Obviously, things don’t work like that in the real world. Automating a process usually takes longer than actually manually doing the work. In fact, when you want to automate something, that usually means you first have to do it by hand at least once, so you know what you’re automating.

But it’s also unlikely that you will only repeat a process just once. Often tasks are done many times and then it becomes worth the effort of automation. Let’s look at a current example.

A common case

As some of you may know, I’m working on a line of business application with a Silverlight UI and a WCF service layer (although the used technology doesn’t really matter for this case). Part of writing most line of business applications is writing business objects that represent your model and writing logic to retrieve data from the database, either directly or through some ORM.

Another part is writing lot’s of “forms” if you will, to input data into. Usually these forms follow a common pattern. Both of these parts, the business objects and the forms, contain a lot of repetitive work to do manually. Some of the code can be moved into generic super classes, but most of the code is of a nature that doesn’t allow for generalization. This is where automation comes into play. In this case, why write all that code yourself if you can also generate it?

When we first started out with this application, we did set out to build some code generation. Unfortunately most of us didn’t have a lot of experience with code generation as such, so wrong choices were made (C# generation with a StringBuilder is not the way to go and the same goes for Code DOM). After the initial versions of our code generation engine, we were forced to spend all our time on getting a first release out to our customers and no more work on automation in any form was a predictable result.

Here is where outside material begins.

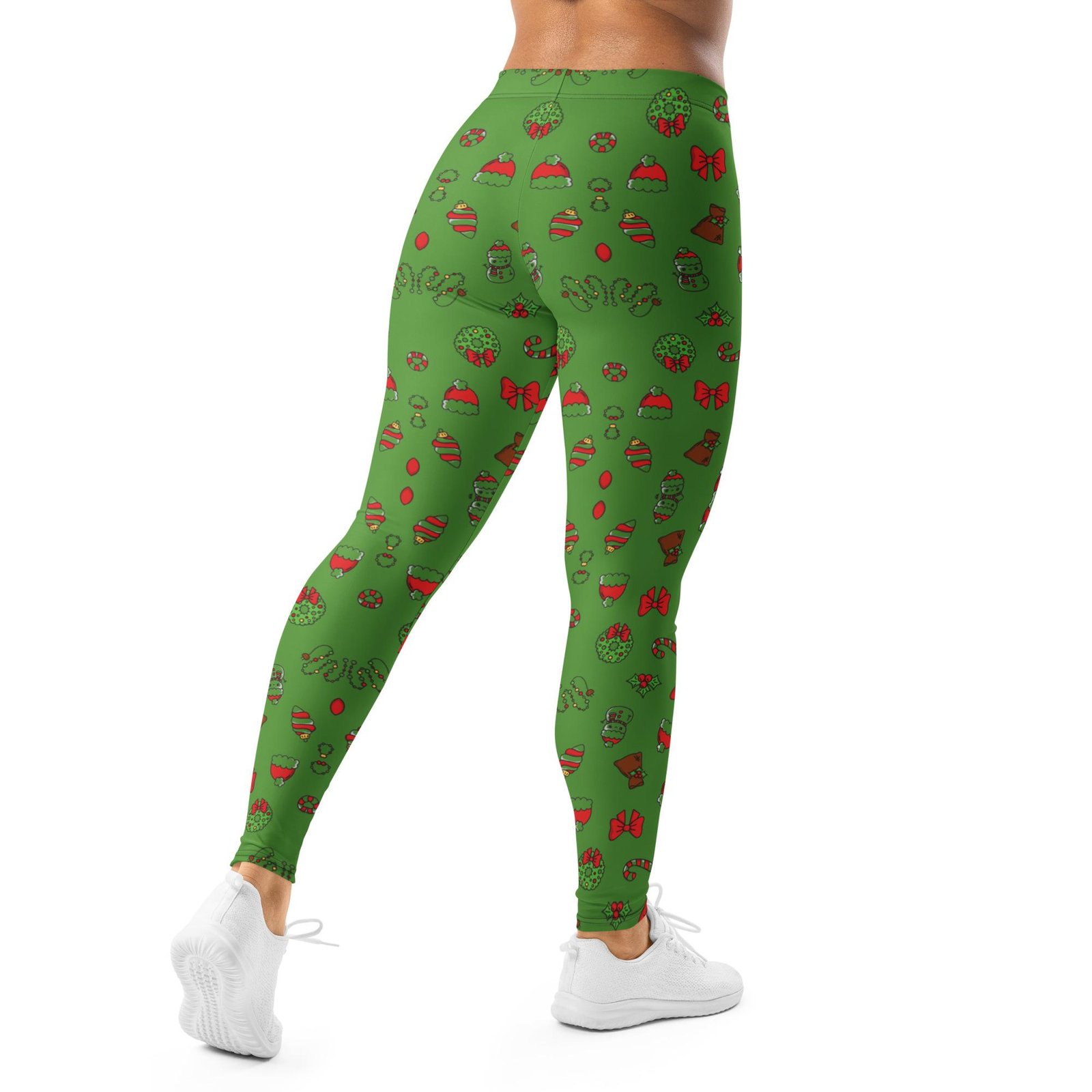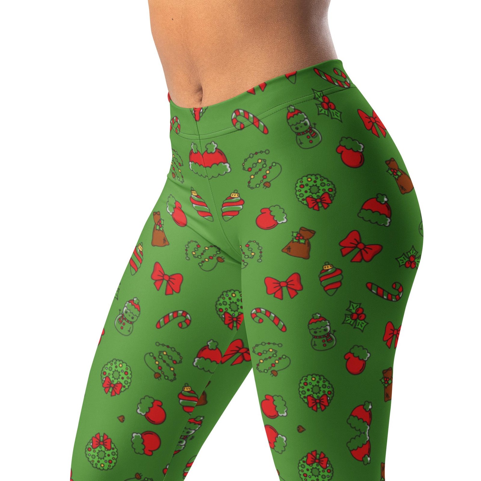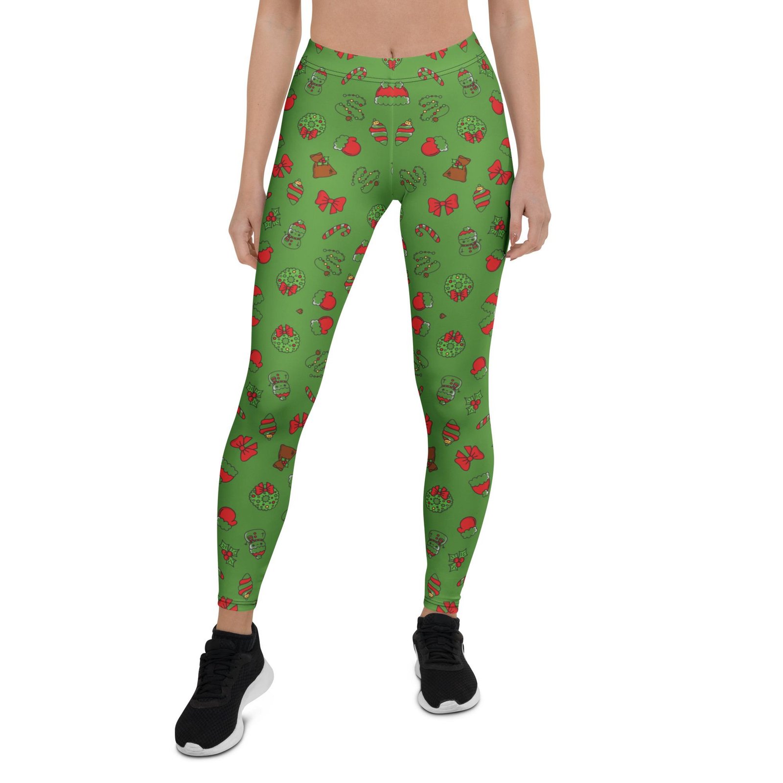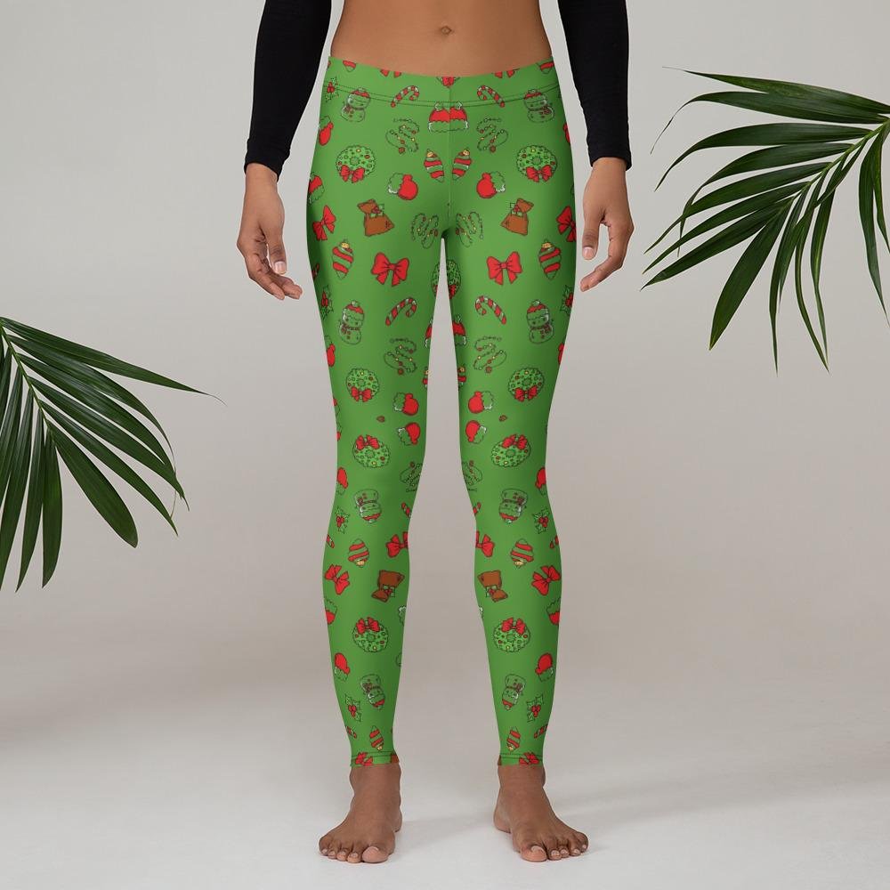 Temprės laisvalaikiui ir sportui, dekoruotos eglučių, dovanų ir šventinių simbolių raštu. Žalias kalėdinis temprių raštas, elastingas audinys leidžia laisvai judėti. Puikus pasirinkimas jaukioms Kalėdoms.

So, are you a good developer?

We all fall into this trap at some point. I know I have several times. You let a deadline pressure you to much, or you go back to your old naïve thinking saying that this will just be some demo code and it won’t end up in production anyway. Whatever the reason, we all end up breaking our own rules from time to time.

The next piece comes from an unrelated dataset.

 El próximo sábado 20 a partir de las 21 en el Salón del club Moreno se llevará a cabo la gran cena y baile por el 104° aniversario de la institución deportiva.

Don’t get me wrong, that doesn’t make you a bad developer. In fact it means you are focusing on how to providing value to your customers, which is key for a good developer. Also, breaking these rules from time to time keeps us alert on why they are rules in the first place.

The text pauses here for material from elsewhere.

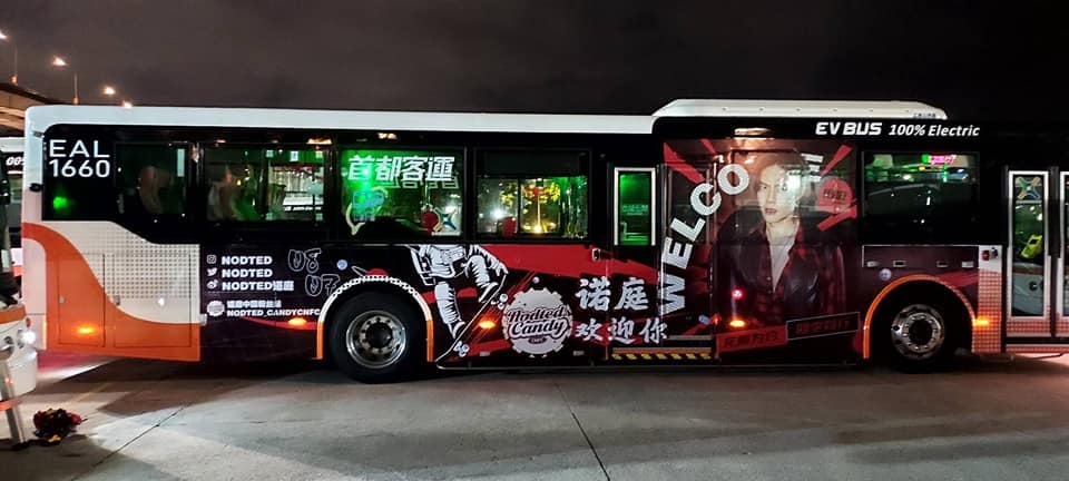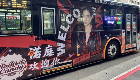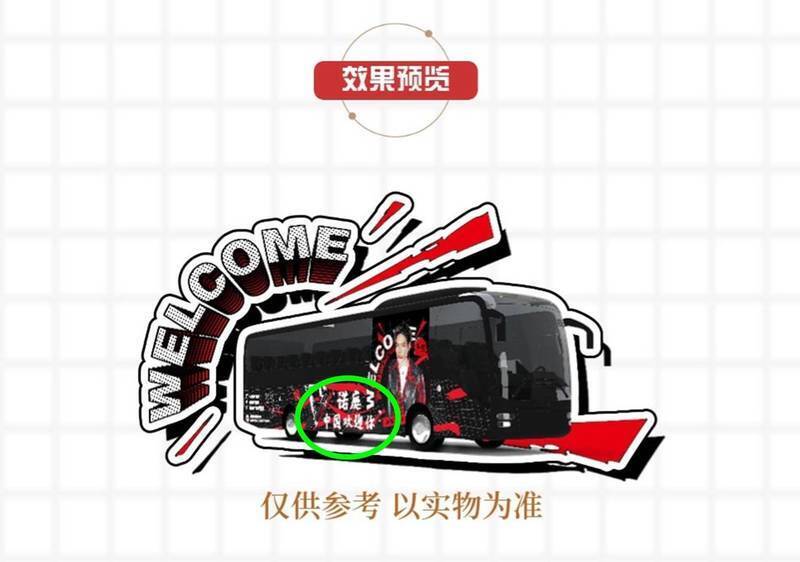 ▲巴士应援广告原定字句为“诺庭,中国欢迎你”。网图

However, we should also take time every now and then to take a step back and have a look at what we are doing. In my case I found we should put a lot more effort in making our development process more efficient. This means making more code generic, refactoring existing generic code to fit our needs better, and generating more code.

Generating code, a daunting task?

To some developers generating code may seem like a daunting task. Don’t worry. That’s a good thing, because you won’t just dive in without giving it some thought. As you can see from our example, having a developer that things “Oh, this is easy. I’ll just take a StringBuilder and push out lots of .cs files" is far from ideal.

Actually the first step in code generation is not writing a code generation process. It all starts with meta data. If you don’t have something to base your code generation process on, then how are you going to generate code in the first place?

In case of a line of business application, often your data model can provide you with some meta data. In fact we started out with a stored procedure that would take meta data from our data model in SQL Server and put it in another database. Then we would generate source from that data.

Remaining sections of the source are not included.